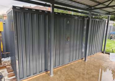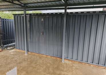 Нами была изготовлена конструкция по индивидуальным параметрам размером 5 х 1,3 х 2,06 м с плоской крышей и боковой воротной группой в строгом графитовом цвете RAL 7024. Этот цвет был выбран, чтобы постройка гармонировала с цветом жилого дома, навеса и забора на участке заказчика.
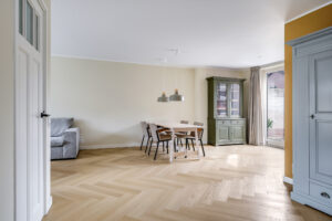 Dit huis heeft precies wat je beneden graag wilt. Een open leefruimte die breed aanvoelt, lekker licht is en logisch in elkaar overloopt. De visgraatvloer en lichte afwerking geven het geheel een moderne, warme basis. Hier zet je zonder moeite een royale zithoek neer, een grote eettafel voor lange avonden en houd je nog steeds ruimte over.
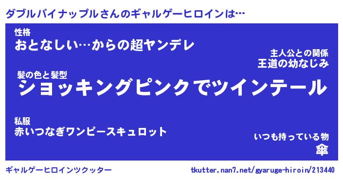 | 女子向けラノベタイトル風あだ名 | 『(仮)ダブルパイナップルのやんごとなき事情』 |
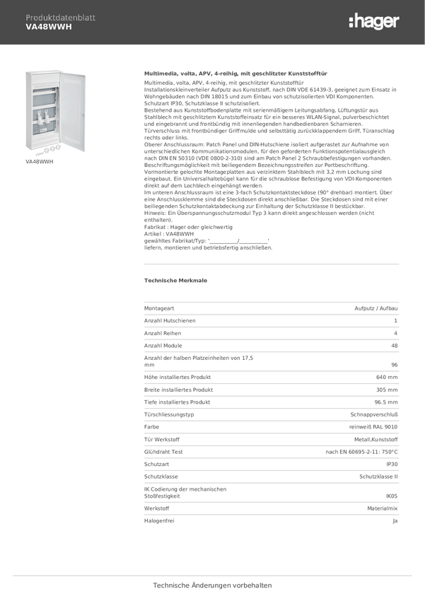 VA48WWH Rozdzielacz multimedialny Hager VA48WWH, 305 mm x 640 mm , 1 szt.
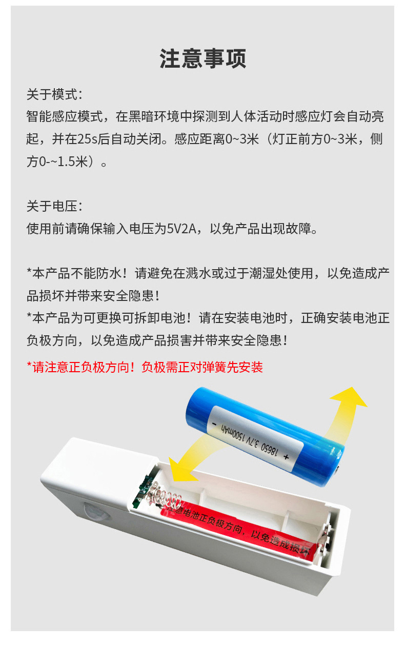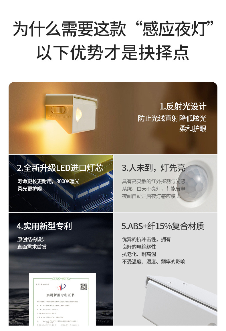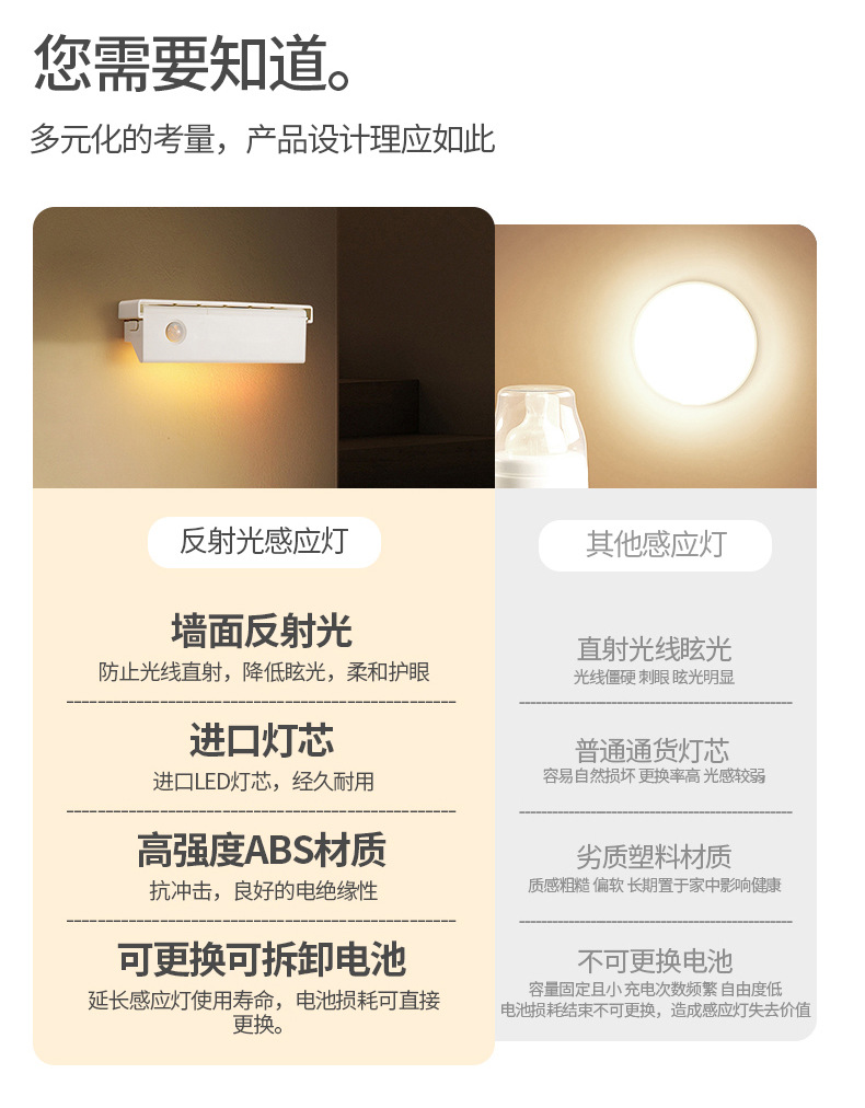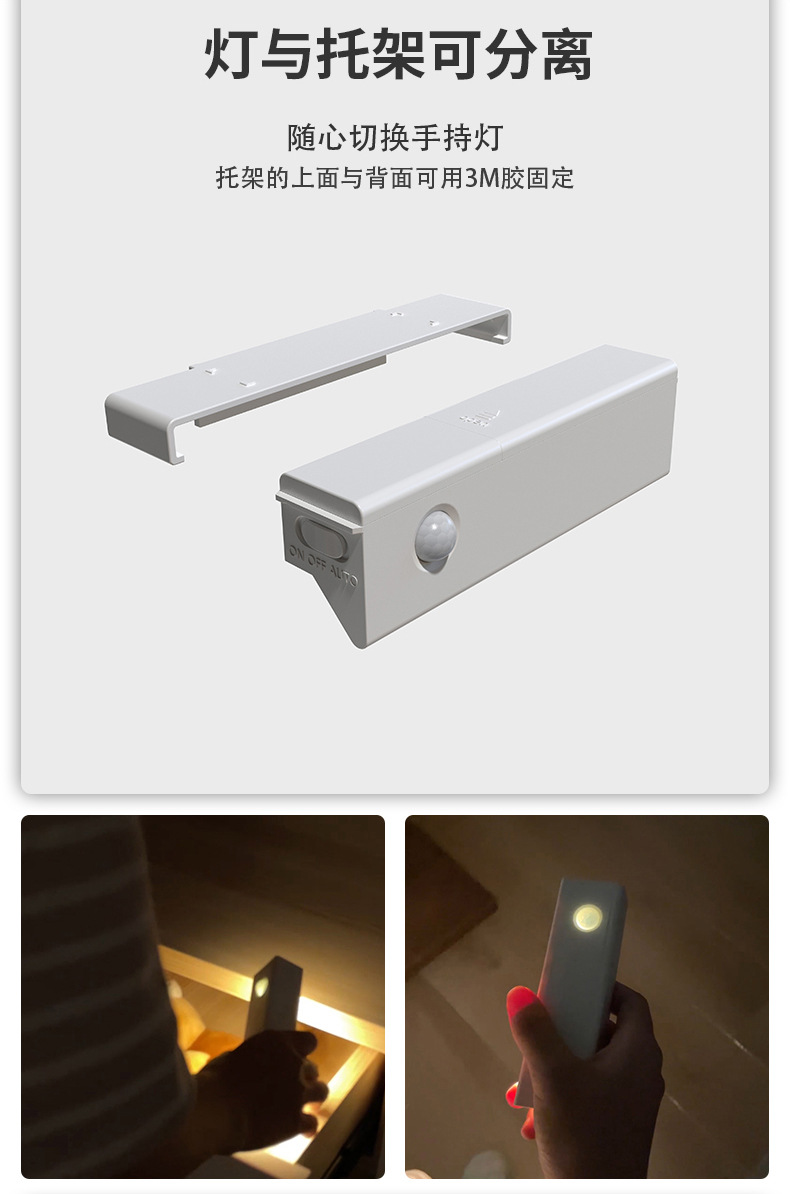 인체 센서 라이트 야간 조명 충전식 벽 램프 벽 캐비닛 라이트 통로 침실 설치 무료 LED 스마트 야간 조명 수면스토어 가기

========================

▶ _TASK_
Restate word for word, and only, the lines from the line that contains "女子向けラノベタイトル風あだ名 | 『(仮)ダブルパイナップルのやんごとなき事情』 |" through the end of the data, both included; pictures are not part of the copy.

▶ _SOLUTION TO THE PROBLEM_
 | 女子向けラノベタイトル風あだ名 | 『(仮)ダブルパイナップルのやんごとなき事情』 |
 VA48WWH Rozdzielacz multimedialny Hager VA48WWH, 305 mm x 640 mm , 1 szt.
 인체 센서 라이트 야간 조명 충전식 벽 램프 벽 캐비닛 라이트 통로 침실 설치 무료 LED 스마트 야간 조명 수면스토어 가기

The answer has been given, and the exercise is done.